(RECORDED DATA)
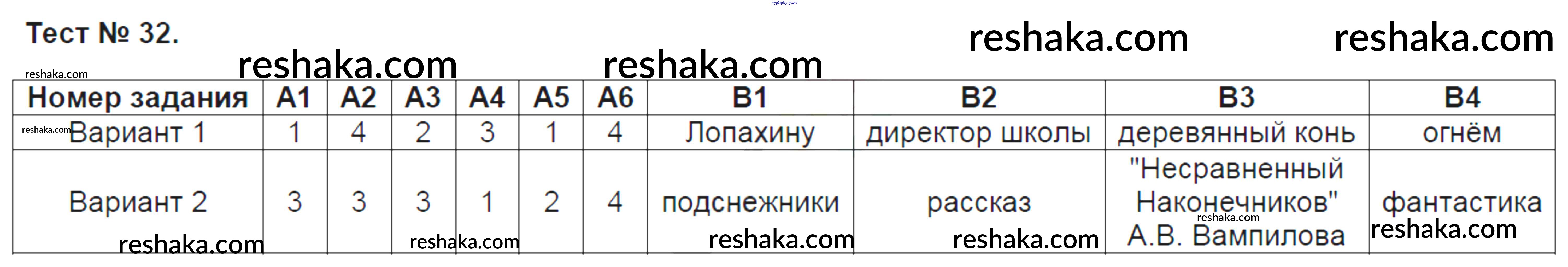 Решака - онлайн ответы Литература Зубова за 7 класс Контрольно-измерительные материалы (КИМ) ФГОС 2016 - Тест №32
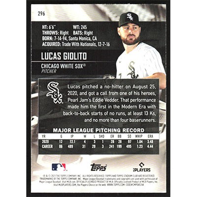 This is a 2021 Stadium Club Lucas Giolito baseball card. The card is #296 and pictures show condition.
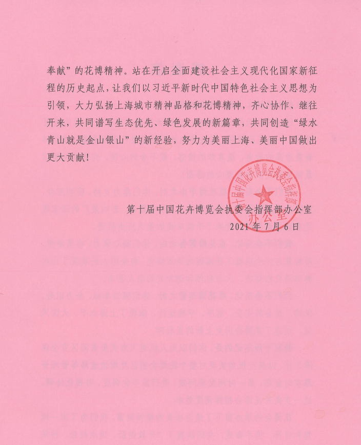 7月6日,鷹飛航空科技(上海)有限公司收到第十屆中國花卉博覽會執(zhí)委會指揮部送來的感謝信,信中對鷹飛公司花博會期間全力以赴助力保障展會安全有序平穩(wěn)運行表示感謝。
(End RECORDED DATA)
§ WORK INSTRUCTIONS
Reproduce the listing word for word. Do not carry over the pictures.

§ RESPONSE
 Решака - онлайн ответы Литература Зубова за 7 класс Контрольно-измерительные материалы (КИМ) ФГОС 2016 - Тест №32
 This is a 2021 Stadium Club Lucas Giolito baseball card. The card is #296 and pictures show condition.
 7月6日,鷹飛航空科技(上海)有限公司收到第十屆中國花卉博覽會執(zhí)委會指揮部送來的感謝信,信中對鷹飛公司花博會期間全力以赴助力保障展會安全有序平穩(wěn)運行表示感謝。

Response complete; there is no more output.